= Jacob K. Lasser =

American accountant

Jacob Kay Lasser (October 6, 1896-May 11, 1954) was an American accountant who wrote the best selling book Your Income Tax. Max Schuster, Lasser's publisher, said "Lasser is to taxation what Einstein is to relativity."

Lasser, the son of immigrants from Austria–Hungary, was born in Newark, New Jersey. He studied accounting at New York University from 1915 to 1917. Lasser served in the United States Navy in World War I.

Lasser received a bachelor of science in mechanical engineering in 1920 and a master of science in industrial engineering in 1923, both from Pennsylvania State University. Lasser worked initially at the accounting firm of Touche, Niven & Company. In 1923, he opened his own firm, J.K. Lasser & Company, at 1440 Broadway in Manhattan, operating it until his death. He lived in South Orange, New Jersey, and at the Hotel Beverly in Manhattan.

In 1939, he published the first edition of his guide to United States federal income tax laws; it sold 23,000 copies. Leon Shimkin brought the book to Simon & Schuster, which became one of the company's most profitable titles. Lasser had done tax work for Simon & Schuster. Besides Simon & Schuster, Lasser's firm had over 250 clients in the publishing industry. The 1946 edition of Your Income Tax sold seven million copies. The book was a perennial best-seller for decades and is still published annually. From 1943 until his death, he wrote a monthly column on taxation in the Journal of Accountancy.

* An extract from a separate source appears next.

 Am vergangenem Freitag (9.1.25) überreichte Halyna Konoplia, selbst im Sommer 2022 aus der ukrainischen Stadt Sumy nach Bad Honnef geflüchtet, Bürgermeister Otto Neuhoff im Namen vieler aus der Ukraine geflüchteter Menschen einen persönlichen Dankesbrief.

He wrote several books on personal finance with Sylvia Porter. Walter Lord, who was a tax lawyer before he wrote a best-seller on the Titanic, assisted Lasser in writing his tax manuals.

In 1953, Lasser bought WICH, a radio station in Norwich, Connecticut.

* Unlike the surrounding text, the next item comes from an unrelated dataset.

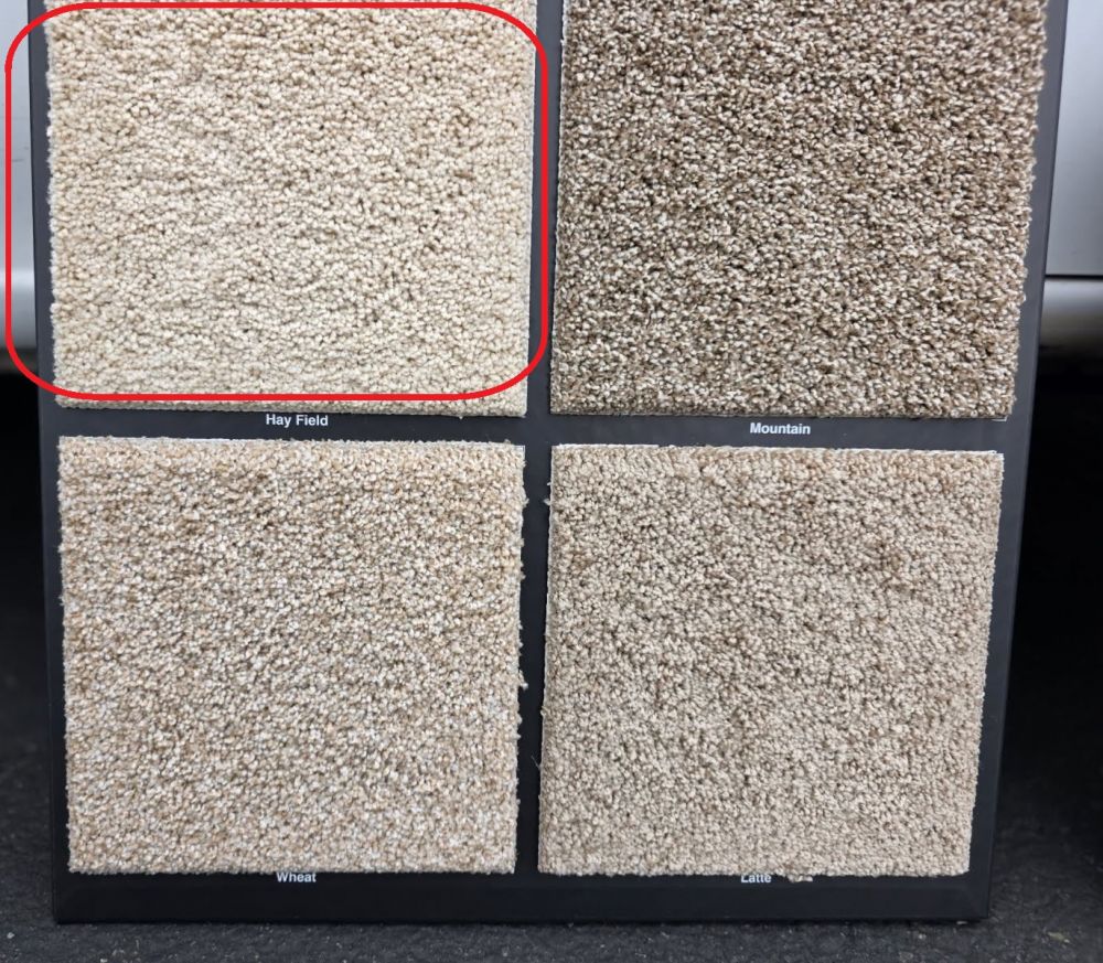 4款颜色我们都觉得左上的hay field 最好,但小小阿立嫂喜欢更明亮、摩登(modern)的颜色“I would ask if they have white or light gray(not pure white)。”

Lasser died in Manhattan in 1954. His estate was the subject of a New York appellate decision regarding ownership of stock in his company, Business Reports, Inc.
 The Lasser income tax books are now published by John Wiley & Sons. His accounting firm merged with Touche Ross in 1977.

His wife, Therese Lasser (1904–1979), founded a group to help breast cancer survivors. Lasser had one son, Donald Judd Lasser, and one daughter, Barbara Lasser, who married Lee Edmund Gray.